**Task objective:**
After locating the line that contains "Las cifras sobre", transcribe exactly that line and each one after it until the data ends, skipping pictures.
Start of Data records
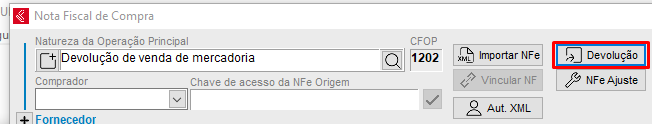 5. Após informar o CFOP correto, clique no botão Devolução:
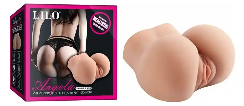 MASTURBADOR MASCULINO HIPERREALISTA ANGELA VAGINA Y COLA CON VIBRADOR DESCRIPCIÓN: Si lo tuyo es una experiencia ultra realista, entonces Angela de LILO, es el juguete ideal para ti. Con un material de CyberSkin, que imita la piel real, sus dos agujeros estrechos con textura interna y una cavidad para poner una bala vibradora. Características: - Color: Piel - Longitud total 16 x 16.5 cms - Longitud total insertable 13 cm - Funciones de modelo: Masturbador hiperrealista - Material: TPR - Certificación: CE - Aprueba de agua: Si - Incluye vibrador para aumentar el placer Recomendaciones de uso: - Lávalo antes y después de utilizarlo con agua tibia y jabón - Si es de uso personal con tu pareja, no necesitas preservativo para utilizarlo - Siempre guárdalo seco y en un lugar sin humedad - Se recomienda no sumergirlo por mucho tiempo en el agua para evitar problemas
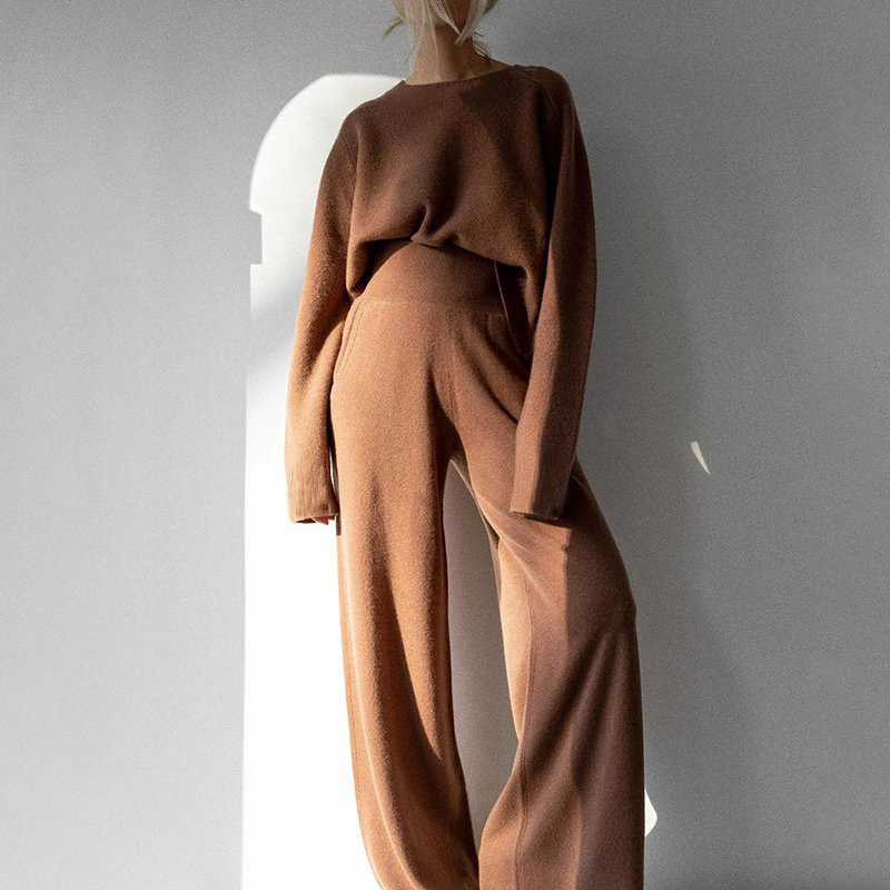 Retro Reddish brown High Waist Two-Pieces Sweater Suit
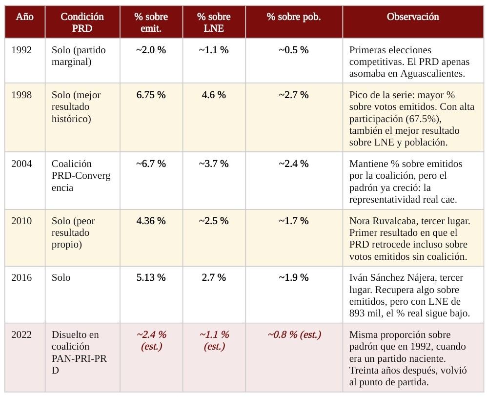Las cifras sobre Lista Nominal y población revelan lo que el porcentaje sobre votos emitidos encubría: el PRD nunca tuvo en Aguascalientes una base real superior al 4.6% del padrón, y ese pico lo alcanzó hace veintiocho años. Todo lo demás fue administrar la irrelevancia con más o menos dignidad, hasta que en 2024 la estructura nacional del partido dejó de existir formalmente. Para el análisis electoral de 2027 el PRD ya no es una variable. Es una nota al pie.
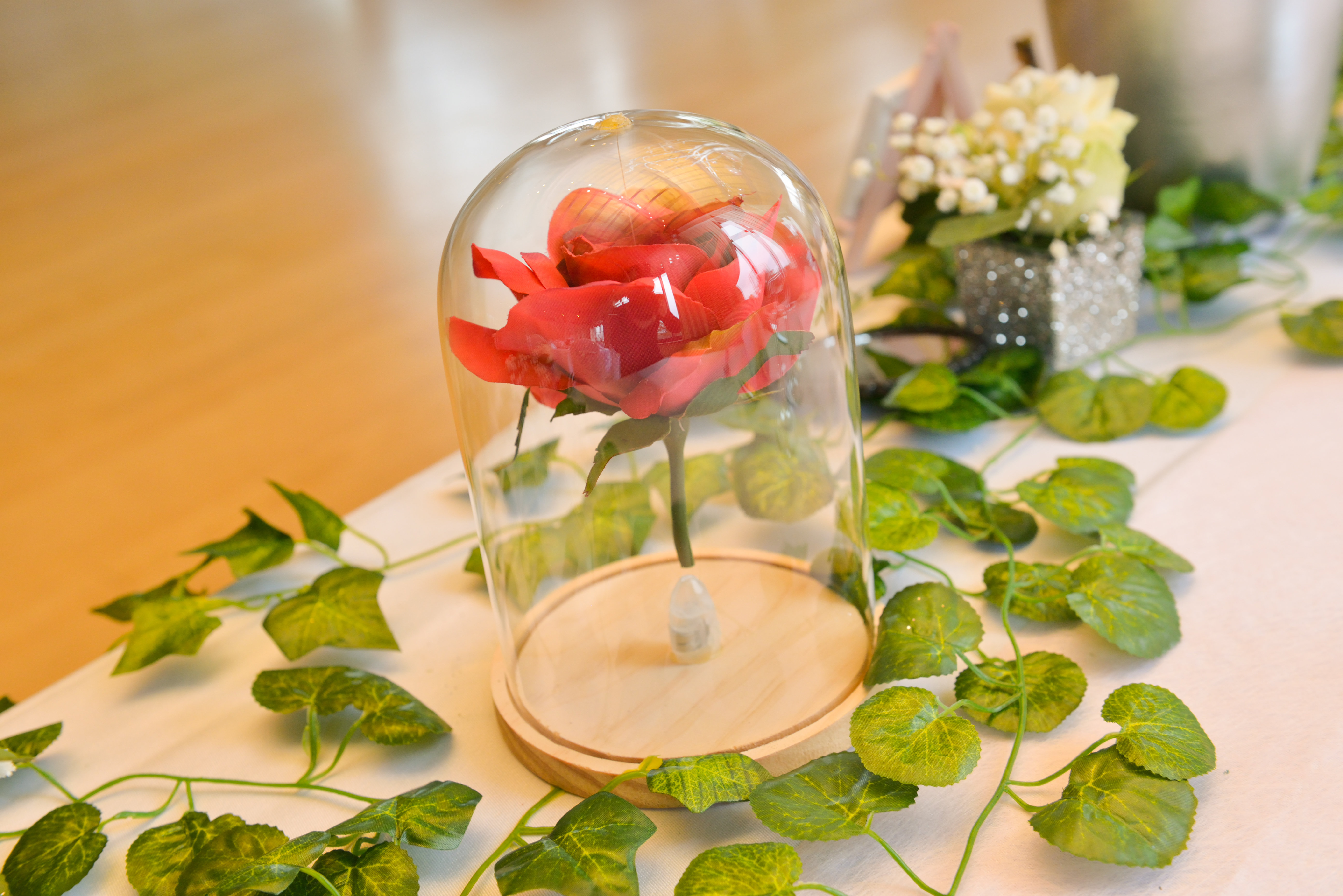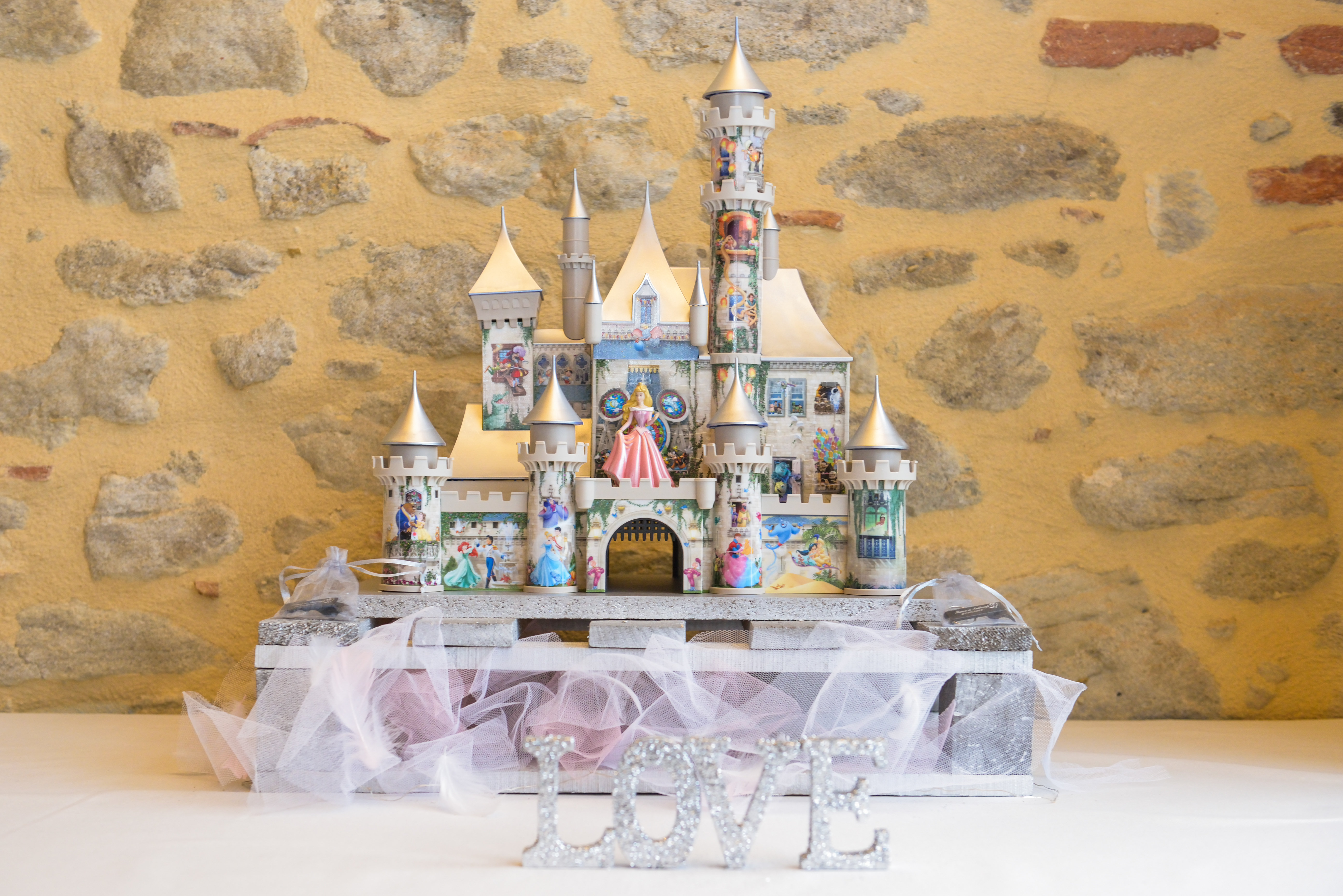 Au domaine de Koukano, situé entre Toulouse et Castres, nous avons eu le plaisir de décorer un mariage sur le thème Disney, avec une palette de couleurs rose et argenté. Chaque table représentait un dessin animé en particulier, avec un décor qui lui ressemblait. La table des mariés représentait l’univers de la Belle et la Bête, ornée de roses et de miroirs, créant ainsi une ambiance enchantée pour les mariés et leurs invités.
End of Data records
**Solution to the problem:**
Las cifras sobre Lista Nominal y población revelan lo que el porcentaje sobre votos emitidos encubría: el PRD nunca tuvo en Aguascalientes una base real superior al 4.6% del padrón, y ese pico lo alcanzó hace veintiocho años. Todo lo demás fue administrar la irrelevancia con más o menos dignidad, hasta que en 2024 la estructura nacional del partido dejó de existir formalmente. Para el análisis electoral de 2027 el PRD ya no es una variable. Es una nota al pie.
 Au domaine de Koukano, situé entre Toulouse et Castres, nous avons eu le plaisir de décorer un mariage sur le thème Disney, avec une palette de couleurs rose et argenté. Chaque table représentait un dessin animé en particulier, avec un décor qui lui ressemblait. La table des mariés représentait l’univers de la Belle et la Bête, ornée de roses et de miroirs, créant ainsi une ambiance enchantée pour les mariés et leurs invités.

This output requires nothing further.